Tuesday, August 05, 2008

Bird Netting Time

The worst, and I mean very worst by a good length, task we have to do every year is bird netting. Each August the grapes start to turn colors and finally add sugar and flavor.

The picture above shows Pinot Noir grapes at the Woodruff Family vineyard. The grapes are starting to turn pink, then red. When this happens, the birds start to feast on the grapes.

The only way to keep the birds out is to net the entire plant. I'm often asked about using noise makers, scarecrows, or the shiny tape people see in vineyards. The thing is, birds are pretty smart. The shiny tape only works on migrating birds. The glitter and color keeps them from landing in the vineyards. For birds who have been hanging around all year, the glittery tape makes a nice colorful addition to their nest building. They will remove it from the plants and use it to build nests.

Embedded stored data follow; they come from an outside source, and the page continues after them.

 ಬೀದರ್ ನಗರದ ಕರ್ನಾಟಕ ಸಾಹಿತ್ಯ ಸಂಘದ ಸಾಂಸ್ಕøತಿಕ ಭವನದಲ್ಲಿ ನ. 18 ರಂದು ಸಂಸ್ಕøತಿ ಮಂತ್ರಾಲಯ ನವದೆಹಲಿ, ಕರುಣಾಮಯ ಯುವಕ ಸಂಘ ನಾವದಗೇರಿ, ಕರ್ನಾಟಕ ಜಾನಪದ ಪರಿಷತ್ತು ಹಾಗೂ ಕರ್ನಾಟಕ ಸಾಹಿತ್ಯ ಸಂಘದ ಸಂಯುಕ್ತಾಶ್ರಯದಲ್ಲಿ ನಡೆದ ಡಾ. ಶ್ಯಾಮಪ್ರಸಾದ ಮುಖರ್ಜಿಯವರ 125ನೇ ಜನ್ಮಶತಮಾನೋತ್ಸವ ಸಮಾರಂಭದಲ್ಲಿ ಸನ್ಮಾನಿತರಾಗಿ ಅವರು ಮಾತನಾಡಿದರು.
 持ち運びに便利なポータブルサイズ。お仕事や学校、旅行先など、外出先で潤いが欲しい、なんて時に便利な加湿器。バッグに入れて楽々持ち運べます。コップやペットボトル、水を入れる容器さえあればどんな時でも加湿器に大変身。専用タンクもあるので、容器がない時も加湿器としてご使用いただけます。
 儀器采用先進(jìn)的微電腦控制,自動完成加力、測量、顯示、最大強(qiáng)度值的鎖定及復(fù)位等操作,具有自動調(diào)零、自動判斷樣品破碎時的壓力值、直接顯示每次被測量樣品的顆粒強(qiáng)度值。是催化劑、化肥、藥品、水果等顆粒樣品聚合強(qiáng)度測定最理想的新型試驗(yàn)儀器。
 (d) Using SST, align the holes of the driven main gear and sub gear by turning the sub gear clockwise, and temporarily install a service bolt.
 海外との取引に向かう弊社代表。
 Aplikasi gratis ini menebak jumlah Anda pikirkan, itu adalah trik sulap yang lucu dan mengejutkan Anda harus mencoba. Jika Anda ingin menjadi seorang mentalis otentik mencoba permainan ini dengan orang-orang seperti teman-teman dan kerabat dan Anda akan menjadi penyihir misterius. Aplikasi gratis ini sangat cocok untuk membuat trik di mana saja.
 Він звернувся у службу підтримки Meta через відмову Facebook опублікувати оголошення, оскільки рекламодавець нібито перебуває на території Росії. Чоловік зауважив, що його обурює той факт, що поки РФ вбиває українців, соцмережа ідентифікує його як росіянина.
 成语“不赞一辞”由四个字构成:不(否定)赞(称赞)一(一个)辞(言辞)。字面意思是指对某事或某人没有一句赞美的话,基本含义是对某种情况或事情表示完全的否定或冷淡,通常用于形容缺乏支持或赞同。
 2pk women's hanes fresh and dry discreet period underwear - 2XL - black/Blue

Noisemakers work for a short time, but the birds soon figure out there is no real threat and learn to ignore it. Usually your neighbors learn to call the local police and complain faster than the birds learn to ignore the noise, but in either event, the results are the same.

Other sight devices like owls and scarecrows have the same effect. They work for a short time, even if you move them daily, but the birds figure it out well before harvest.

So we net. The birds will actually attack the nets trying to figure out a way in, so we have to make sure the nets are sealed up tight, and then we inspect them regularly through harvest. Above you can see Millie pulling the netting as Herrardo (Jerry B.) drives the tractor. The nets sit in a special bucket and a pulley system moves them over the plants. Two people have to then spread the nets over the plants.

There are a lot of reasons we all hate this tasks so much. First of all, most of it has to be done by hand. Even in the vineyards with tractors we have to pull, tie up and secure the nets by hand. This is a terrible dirty job. The nets have sat in storage all year and they are filthy, dirty and grimy. Your hands are black by the end of the day. Add to that, it's August. It's hot, very hot, and you are in the sun all day. You can't really wear good cover, or even much of a hat. Anything with buttons, or oversize will get snagged in the nets, so you have to stick with t-shirts, simple hats and maybe a mask. You need the mask because by August the vineyards are super dusty. All things together, it makes for a tough bunch of days.

Here you get a close up of the process. Millie is taking another batch of nets to load up and Jerry B. is running the net through the pulley. Jerry drives the tractor while Millie and I pull the nets. Stefania then comes along behind us and ties the nets up under the plants. During the week, Jerry's wife does the tie up and his brother helps with the net pulling.
We will end up netting about 12 of our 18 acres. The birds are pretty reluctant to fly deep into a vineyard with out having trees near by they can retreat too if they spot a snake or a hawk. Those vineyards that don't have a lot of tree cover only get netted around the edges. That's why you don't see nets as much in Napa or Sonoma. Since those areas tend to be much more open and with miles of vineyards, the birds don't have cover to hide in. The Woodruff Vineyard gets 100% netted as there are trees around almost the entire area.
When this finally wraps up, we usually have a good party to celebrate.